Not a big difference between standard and regularized, but there is something. However, that could be due to different training runs... the weights that are learned can vary a lot with different train/test splits and different random initializations.

Also, each element is `>=0`. I don't entirely understand why there are no negative values. Maybe something to do with the loss function and inputs only being non-negative? Something to investigate further in the future.
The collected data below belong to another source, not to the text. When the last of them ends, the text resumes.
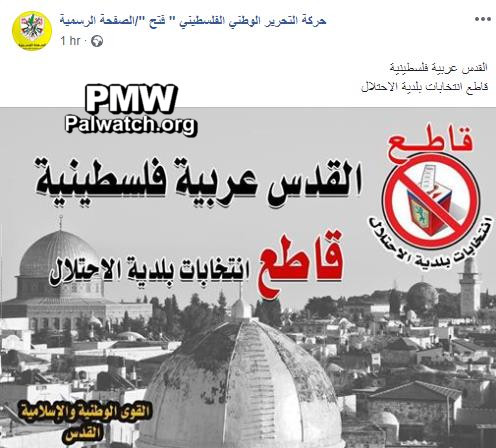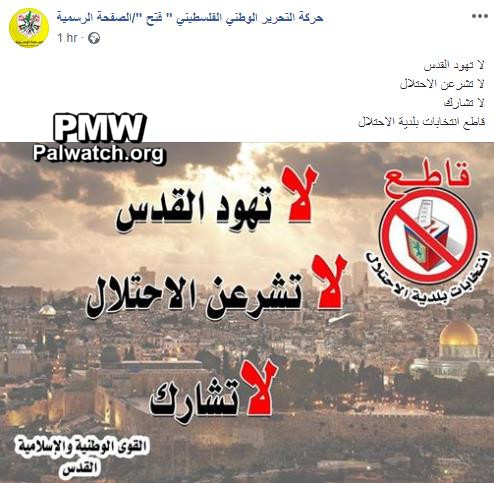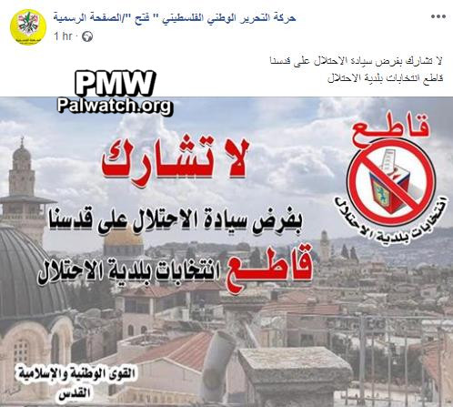 Fatah calls on Palestinians to boycott Jerusalem municipal elections: "Don’t Judaize Jerusalem, Don’t give the occupation legitimacy"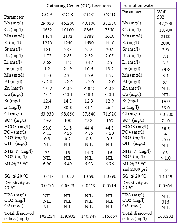 Table 3. API analyses of effluent waters for GC's and formation water [3]
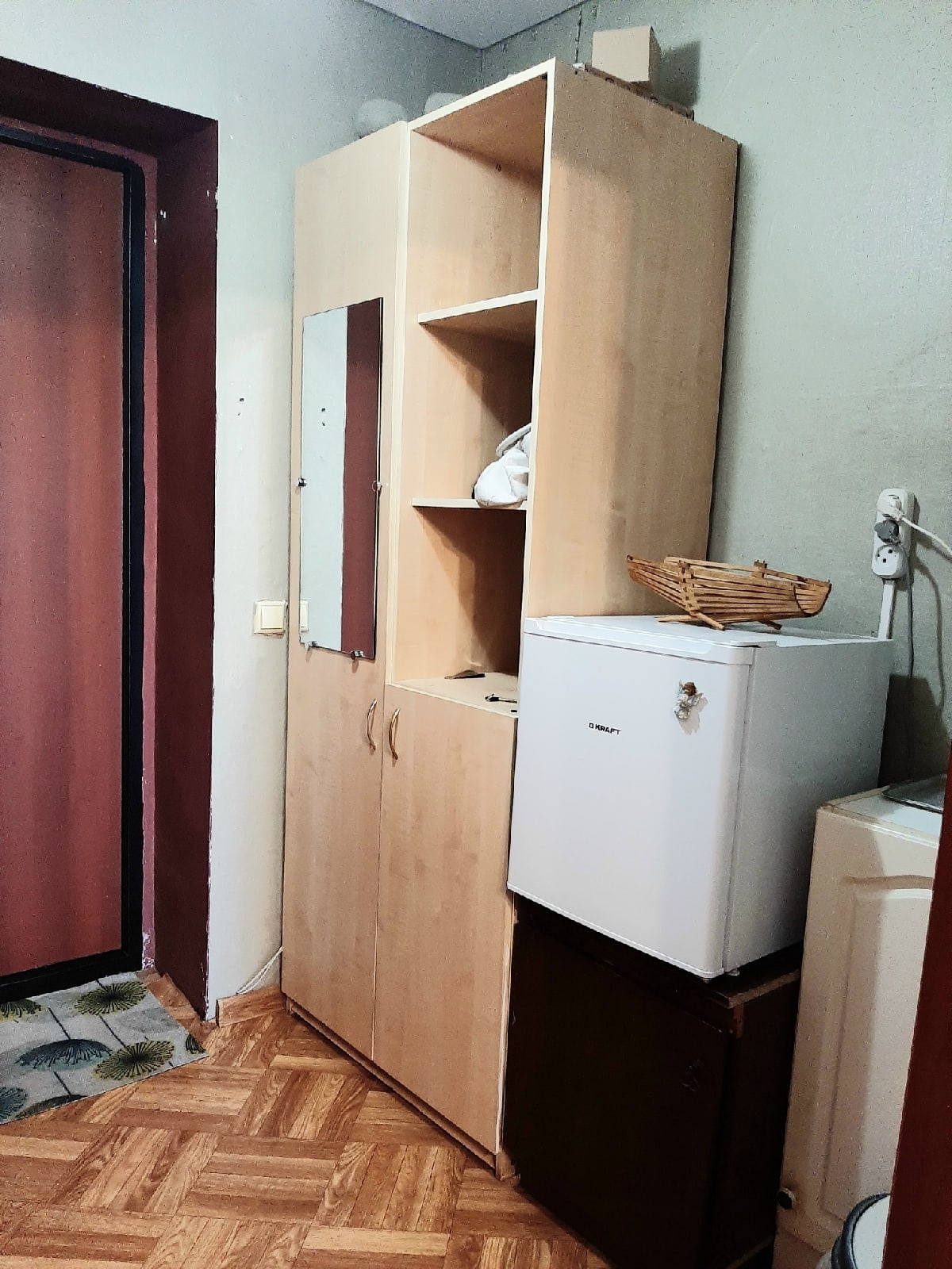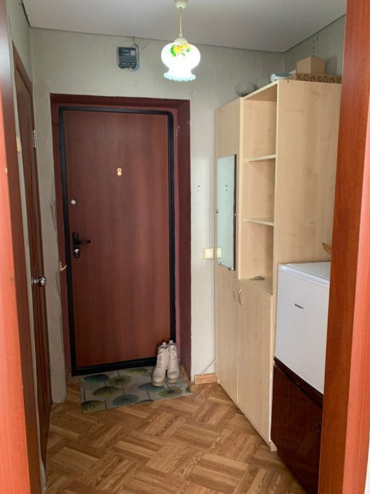 Уютная,очень теплая 1 кв.(гостинка) 17,4 кв.м. Натяжной потолок, на полу линолеум, железная дверь, горячая вода, душ в кафеле советского образца,стиральная машина, мебель. На общей кухне собственный стол,хорошая газовая плита. Можно не платить за газ и в квартире готовить на индукционной плите. Подьезды закрываются,везде освещение.В конце февраля будет 3 года в собственности.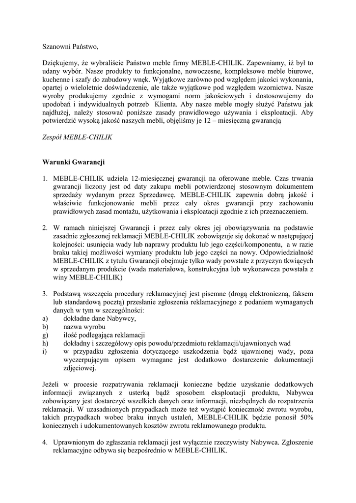 Szanowni Państwo, Dziękujemy, że wybraliście Państwo meble firmy MEBLE-CHILIK. Zapewniamy, iż był to udany wybór. Nasze produkty to funkcjonalne, nowoczesne, kompleksowe meble biurowe, kuchenne i szafy do zabudowy wnęk. Wyjątkowe zarówno pod względem jakości wykonania, opartej o wieloletnie doświadczenie, ale także wyjątkowe pod względem wzornictwa. Nasze wyroby produkujemy zgodnie z wymogami norm jakościowych i dostosowujemy do upodobań i indywidualnych potrzeb Klienta. Aby nasze meble mogły służyć Państwu jak najdłużej, należy stosować poniższe zasady prawidłowego używania i eksploatacji. Aby potwierdzić wysoką jakość naszych mebli, objęliśmy je 12 – miesięczną gwarancją Zespół MEBLE-CHILIK Warunki Gwarancji 1. MEBLE-CHILIK udziela 12-miesięcznej gwarancji na oferowane meble. Czas trwania gwarancji liczony jest od daty zakupu mebli potwierdzonej stosownym dokumentem sprzedaży wydanym przez Sprzedawcę. MEBLE-CHILIK zapewnia dobrą jakość i właściwie funkcjonowanie mebli przez cały okres gwarancji przy zachowaniu prawidłowych zasad montażu, użytkowania i eksploatacji zgodnie z ich przeznaczeniem. 2. W ramach niniejszej Gwarancji i przez cały okres jej obowiązywania na podstawie zasadnie zgłoszonej reklamacji MEBLE-CHILIK zobowiązuje się dokonać w następującej kolejności: usunięcia wady lub naprawy produktu lub jego części/komponentu, a w razie braku takiej możliwości wymiany produktu lub jego części na nowy. Odpowiedzialność MEBLE-CHILIK z tytułu Gwarancji obejmuje tylko wady powstałe z przyczyn tkwiących w sprzedanym produkcie (wada materiałowa, konstrukcyjna lub wykonawcza powstała z winy MEBLE-CHILIK) 3. Podstawą wszczęcia procedury reklamacyjnej jest pisemne (drogą elektroniczną, faksem lub standardową pocztą) przesłanie zgłoszenia reklamacyjnego z podaniem wymaganych danych w tym w szczególności: a) dokładne dane Nabywcy, b) nazwa wyrobu g) ilość podlegająca reklamacji h) dokładny i szczegółowy opis powodu/przedmiotu reklamacji/ujawnionych wad i) w przypadku zgłoszenia dotyczącego uszkodzenia bądź ujawnionej wady, poza wyczerpującym opisem wymagane jest dodatkowo dostarczenie dokumentacji zdjęciowej. Jeżeli w procesie rozpatrywania reklamacji konieczne będzie uzyskanie dodatkowych informacji związanych z usterką bądź sposobem eksploatacji produktu, Nabywca zobowiązany jest dostarczyć wszelkich danych oraz informacji, niezbędnych do rozpatrzenia reklamacji. W uzasadnionych przypadkach może też wystąpić konieczność zwrotu wyrobu, takich przypadkach wobec braku innych ustaleń, MEBLE-CHILIK będzie ponosił 50% koniecznych i udokumentowanych kosztów zwrotu reklamowanego produktu. 4. Uprawnionym do zgłaszania reklamacji jest wyłącznie rzeczywisty Nabywca. Zgłoszenie reklamacyjne odbywa się bezpośrednio w MEBLE-CHILIK. 5. Czas rozpatrywania reklamacji wynosi 7 dni roboczych od daty wpłynięcia reklamacji do MEBLE-CHILIK. 6. Klient zostanie niezwłocznie poinformowany o przyjęciu bądź odrzuceniu reklamacji. W wyjątkowych przypadkach wymagających np. wizyty u Nabywcy w celu oględzin i oceny zasadności reklamacji Nabywca zostanie powiadomiony o podjętych w związku z reklamacją działaniach. Nabywca może w każdym czasie uzyskać informację o stanie realizowanej reklamacji pod numerem telefonu 13 43 535 35. 7. MEBLE-CHILIK dostarczy komponenty zamienne i dokona naprawy lub dokona wymiany produktów lub ich komponentów na nowe wolne od wad dla wszystkich produktów, które zostaną zareklamowane zgodnie z opisaną tu procedurą i uznane przez MEBLE-CHILIK za produkty zareklamowane zasadnie. Wymiana reklamowanego produktu na nowy będzie możliwa po bezskutecznych próbach naprawy lub wymiany wadliwych komponentów danego produktu, chyba że co innego będzie wynikało z odrębnej umowy. 8. Gwarancją nie są objęte: − naturalne zużycie produktu, w tym także naturalne starzenie się lub odbarwianie się wskutek oddziaływania światła; − mechaniczne uszkodzenie produktu powstałe po jego wydaniu przez MEBLE-CHILIK; − wady spowodowane niewłaściwym użytkowaniem, niewłaściwym przechowywaniem lub niewłaściwą konserwacją, a w przypadku produktów, do których załączona jest instrukcja montażu lub instrukcja użytkowania produktu, również wady spowodowane działaniami niezgodnymi z tymi instrukcjami; − produkty po jakichkolwiek modyfikacjach i zmianach konstrukcyjnych oraz naprawach dokonanych przez osoby nieuprawnione (przez osoby uprawnione rozumie się pracowników MEBLE-CHILIK); − uszkodzenie, zniszczenie, utrata lub zmniejszenie funkcjonalności produktu, wynikłe z innych przyczyn niż wady tkwiące w produkcie; − wady i uszkodzenia w następstwie których obniżono cenę wyrobu przy jego zakupie; − szkody i usterki spowodowane przez zwierzęta. − uszkodzeń powstałych w wyniku niewłaściwego oraz nieostrożnego przewozu, czy przenoszenia mebli (chyba że przewóz lub przenoszenie były wykonywane przez MEBLE-CHILIK), 9. Reklamacje dotyczące opisanych powyżej kwestii będą traktowane jako bezzasadne i nie będą uznawane. 10. Zasięg terytorialny gwarancji obejmuje wyłącznie kraj będący siedzibą MEBLE-CHILIK. 11. Gwarancja udzielona jest zgodnie z prawem polskim i podlega wyłącznie prawu polskiemu. W sprawach nie uregulowanych niniejszymi warunkami gwarancji mają zastosowanie odpowiednie przepisy prawa polskiego, w szczególności Kodeksu cywilnego. Wszelkie spory powstałe na gruncie niniejszej gwarancji poddane są wyłącznie właściwości sądów w Polsce. Gwarancja na sprzedany towar nie wyłącza, nie ogranicza ani nie zawiesza uprawnień Nabywcy będącego Konsumentem wynikających z niezgodności towaru z umową. Instrukcja prawidłowego użytkowania i zasady eksploatacji Mebli 1. Meble należy użytkować zgodnie z ich przeznaczeniem. Należy zawsze stosować się do zasad umieszczonych w instrukcjach m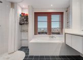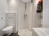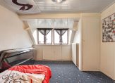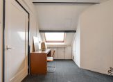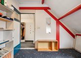 een kleine, leuke kinderkamer aan de voorzijde en een grote badkamer aan de achterzijde met ligbad, douche, toilet en wastafelmeubel.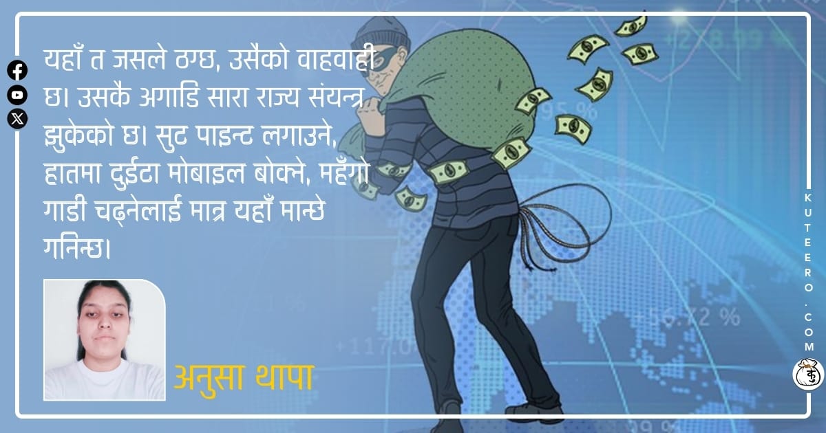 यहाँ त राज्यले नै ठग्न सिकाइरहेको छ । कीर्ते मूल्य कायम गर्ने, सिन्डिकेट लगाउने, जनता ठग्नेलाई राज्यले नै संरक्षण गरिरहेको छ । उनीहरूले लुट्छन्, प्रहरीले समात्छ । अदालतले धरौटीमा छोडिदिन्छ । उनीहरू बाहिर आएर त्यही ठग्ने पेशा चलाउँछन् । सहकारीमा बचत गर्नेहरू औषधि किन्न पैसा नभएर मरिरहेका छन्, रविजस्ता व्यक्तिहरू करोडौँ धरौटी राखेर निस्किरहेका छन् ।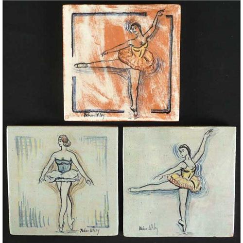 Tabor Utley (1891-1978) Broadmoor Art Academy, Ceramic, 3 Dancing Figure Tiles, 3- 5 3/8" Tiles.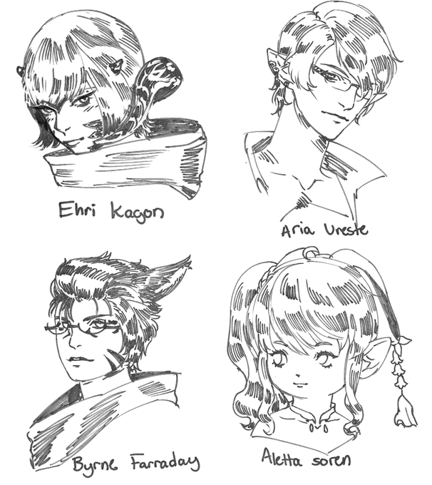 Some pen sketches to wind down, they're more simple than my main stuff but I still think theyre really fun to do :') good quick practice #solariumartparty #FFXIVART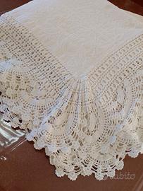 Originale, questo copriletto è impreziosito su tutto il perimetro cioè su tutti 4 i lati dal merletto fatto ad uncinetto ed alto ben 18 centimetri, il copriletto è di grandi dimensioni compreso bordo cm 305x287 circa.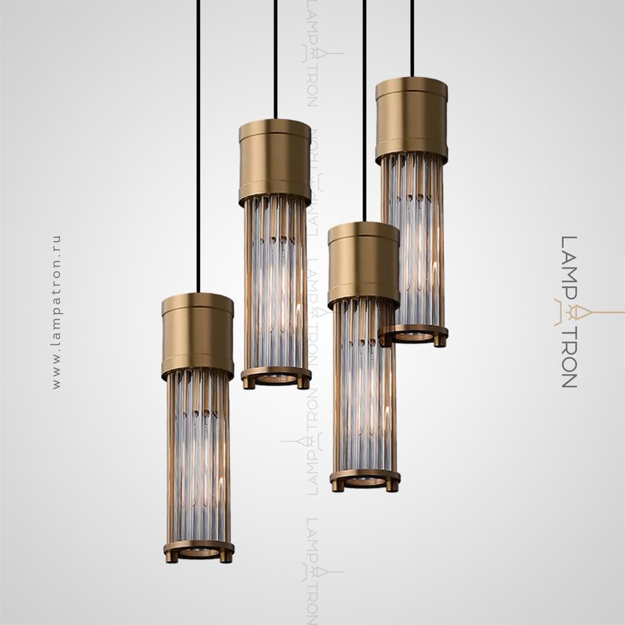 Suspended lamp with a cylindrical plafon of glass rods in bronze frame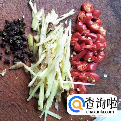 将辣椒与生姜清洗干净,辣椒切成小段儿生姜切成丝。如下图所示。
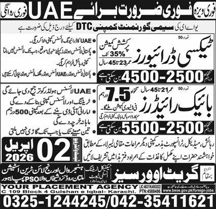 If you’re a Pakistani driver looking for a fresh start abroad with good earning potential and a stable lifestyle, this could be your golden chance. On 1 April 2026, Daily Express newspaper featured an urgent advertisement from Your Placement Agency for multiple taxi driver and bike rider jobs in Abu Dhabi, UAE. These overseas positions are ideal for Matric and Intermediate pass candidates who want to join the booming transportation sector in one of the world’s fastest-growing cities.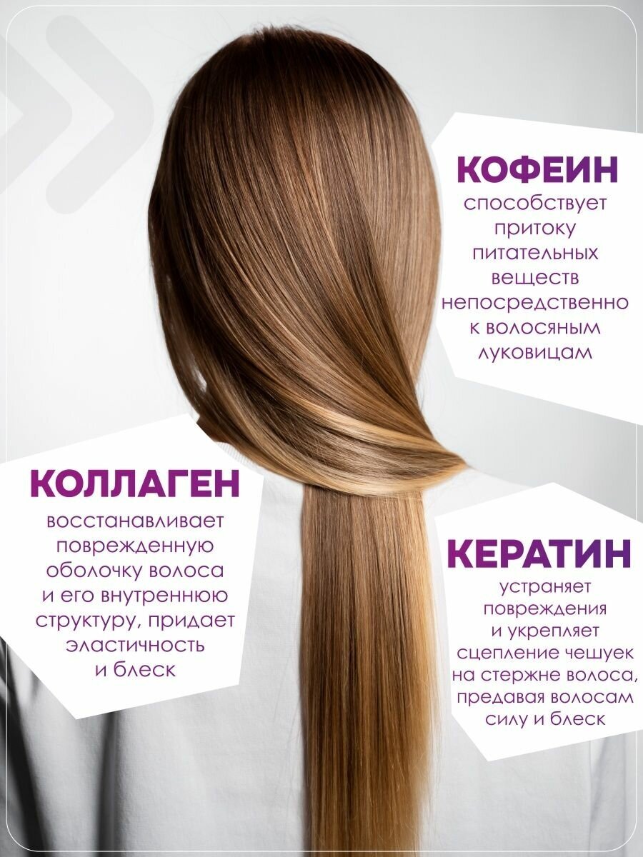 | Активный ингредиент | биотин / витамин A / витамин E / кератин / коллаген / кофеин / ниацинамид / пантенол |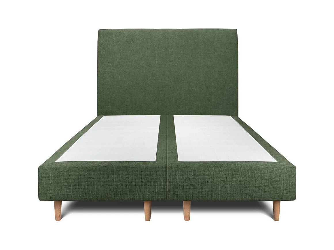 Lit 160x200cm avec tête de lit tapissier tissu et double sommier tapissier vert - Hauteur totale : 35cm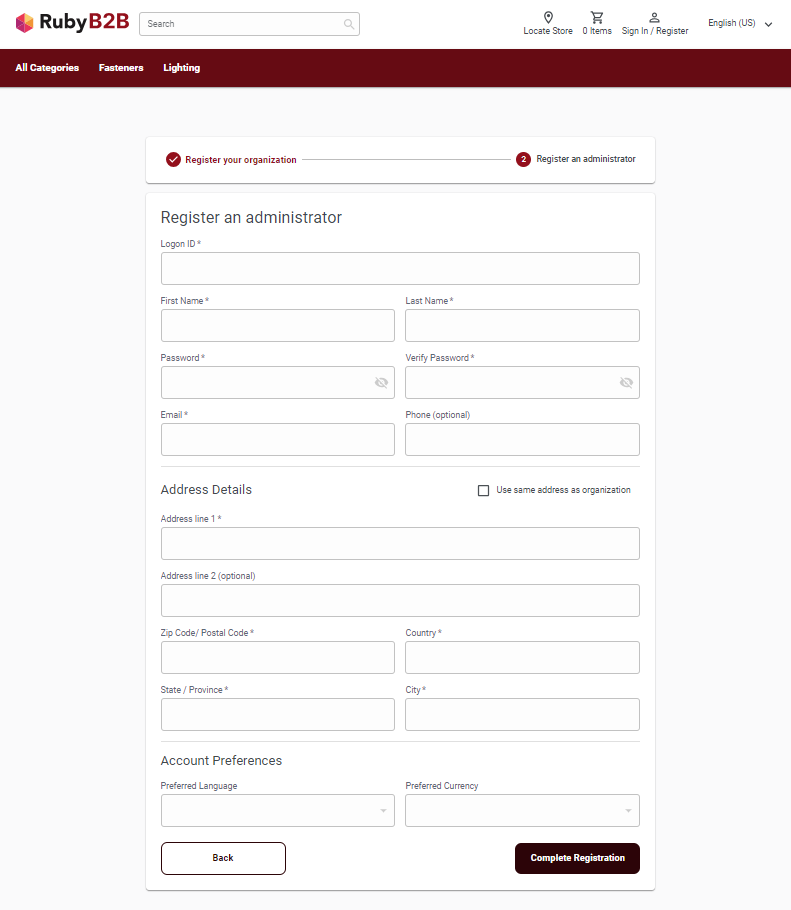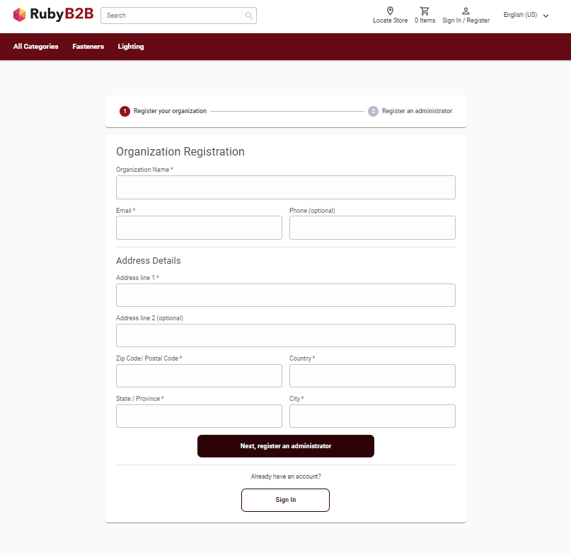 La page Inscription du magasin Ruby B2B prend en charge l'inscription d'une organisation et la désignation d'une personne qui agira en tant qu'administrateur de l'organisation.

Lastly, to better compare the learned coded representations, let's plot the distribution of the coded vectors for the test set. This is a more meaningful visualization of the "coded" layer for the standard VS regularized models (compared to just reporting the means as we did above).

In [None]:
standard_scores = encoded_standard.predict(x_test).ravel()  # ravel() flattens the matrix of 1000 by 32
regularized_scores = encoded_regularized.predict(x_test).ravel()
sns.distplot(standard_scores, hist=False, label='standard model')
ax = sns.distplot(regularized_scores, hist=False, label='regularized model')
ax.set(xlabel='Coded Vector Value', ylabel='Density')
plt.legend()
plt.show()

You can see that the regularized model has a higher density at lower values than the standard/vanilla one. That aligns with our expectations that the regularized model has more values at/near 0.

## Compare Weights
Last thing I'd like to do is compare the weights visualization of the standard vs regularized. 

We've got a 32 node coded layer so going to plot them all.

In [None]:
weights = encoded_standard.get_weights()[0].T

n = 32  # Specify how many of the hidden layer nodes to plot
plt.figure(figsize=(20, 5))
for i in range(n):
    ax = plt.subplot(4, n/4, i + 1)
    plt.imshow(weights[i+0].reshape(28, 28))  # Get the weights going to hidden layer node i. Reshape.
    ax.get_xaxis().set_visible(False)
    ax.get_yaxis().set_visible(False)

In [None]:
weights = encoded_regularized.get_weights()[0].T

n = 32  # Specify how many of the hidden layer nodes to plot
plt.figure(figsize=(20, 5))
for i in range(n):
    ax = plt.subplot(4, n/4, i + 1)
    plt.imshow(weights[i+0].reshape(28, 28))  # Get the weights going to hidden layer node i. Reshape.
    ax.get_xaxis().set_visible(False)
    ax.get_yaxis().set_visible(False)

Nothing really stands out. Some of them seem to indicate structure, like a ring, but both regularized and standard show it.